Onde é que uma grávida não fashionista compra roupa? Quer dizer, se eu nunca usei modelos skinny nem padrões tigresse não é quando começo a parecer uma abóbora que vou tentar!

No outro extremo, encontro lojas que preenchem a secção pré mamã com “coisas” que só senhoras com mais de 75 anos usariam. E mesmo estas, apenas em dias maus.

Caramba, serei eu a única a acreditar no meio-termo?!

Se eu soubesse costurar, até podia tentar coser uns trapinhos que me agradassem- como estes. Como não é o caso…. azarinho!!! Vão ser 9 meses de calças de ganga.

confortos de uma quarta feira cinzenta

O Outono decidiu, finalmente, brindar-nos com um dia característico desta estação do ano. Se não houver exageros, sabe bem.

Em dias assim, quando estou fora de casa, gosto de olhar para as janelas com luzes acesas e perceber pequenos detalhes de conforto nas casas dos outros: um compartimento à média luz, um candeeiro de mesa, um televisor ligado… e aquele bem-estar contagia-me.

Mas confesso: prefiro a perspectiva contrária. Enquanto lá fora o vento e a chuva fustigam as janelas, cá dentro tudo é aconchego.

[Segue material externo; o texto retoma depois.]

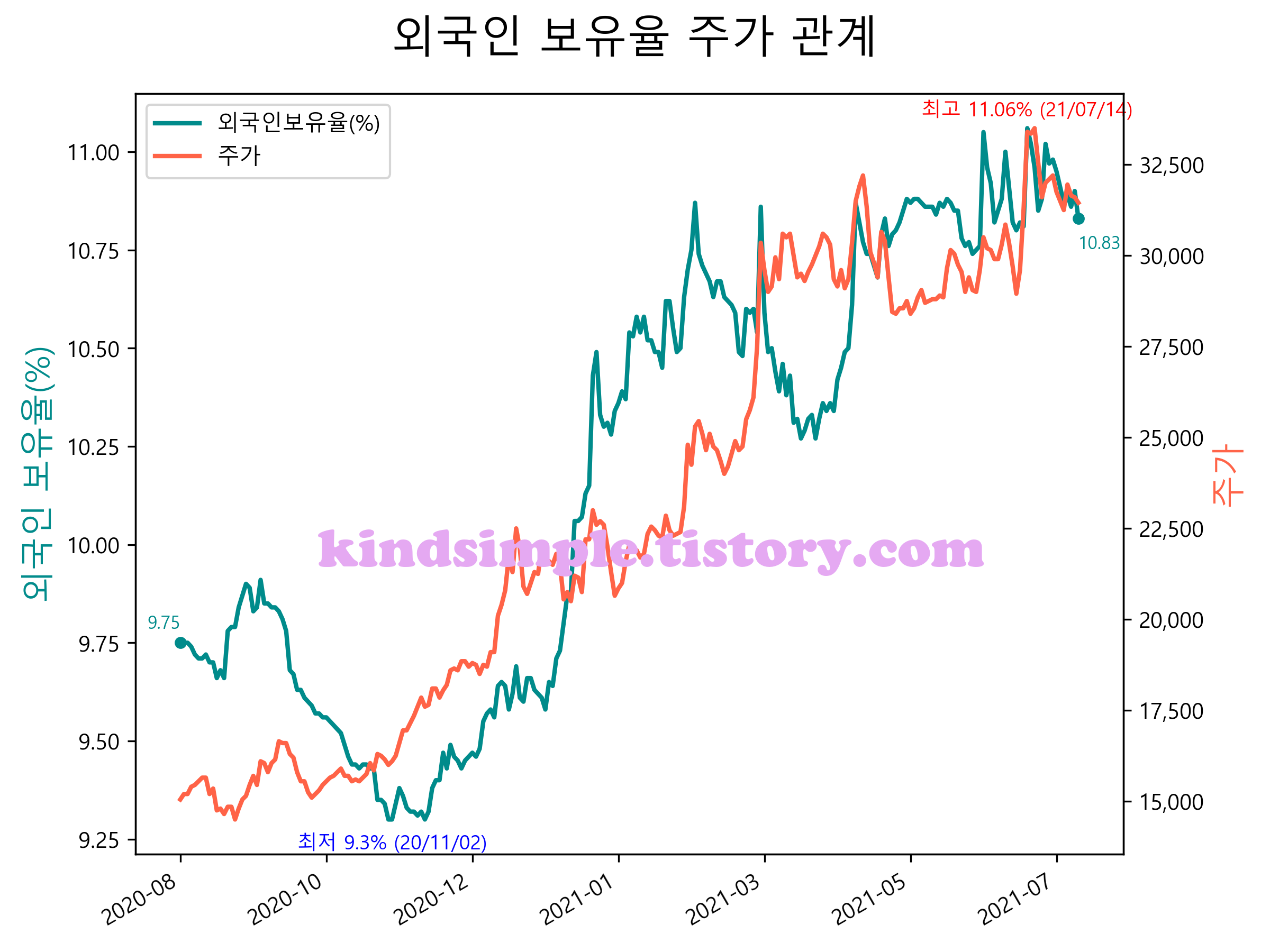 최근 1년간 외국인 보유율 및 주가와의 관계입니다.

O Scott e o Doggy, depois de um banho quente e da brincadeira da bola (da qual são ambos praticantes histéricos) adormecem no sofá. Eu faço uma pausa para chá que acompanho com o melhor queque de maçã do mundo (hoje fizeram-nos em forma de bolo de arroz) e que, para meu azar, se vende aqui  à porta de casa. Uso o açucareiro que veio do sótão da minha avó tal como as mantas de farrapo que agora protegem os sofás. Porque estar rodeada de objectos com significado acrescenta conforto.

on the birth of a son

Todos desejamos ter um filho inteligente;
no entanto, a inteligência fez-me perder a vida.
Agora quero um menino ignorante e estúpido:
sem dificuldades chegará a ministro.

Su Shi, poeta chinês do século 11

Ao contrário do poeta, eu não só desejo um filho inteligente como desejo que ele nunca seja ministro. Nunca antes a política me provocou tantas náuseas. Infelizmente não é nojo que se deva à gravidez.

a questão do “eu”

A dificuldade, na gestão da auto-estima, reside na definição de um algoritmo de controlo que assegure, continuamente, a manutenção dos seus valores dentro da gama desejável. Valores abaixo do setpoint, corróiem-nos a alma. Mas logo que o ultrapassam, deixam-nos expostos ao ridículo.

Mas a questão essencial coloca-se na definição do setpoint em si mesma. Como podemos confiar no valor que consideramos adequado atribuir à nossa própria pessoa se é essa mesma pessoa a atribuí-lo?

eu, o insistente e enfático eu em itálico, o eu ao qual estou brutalmente afeiçoado”.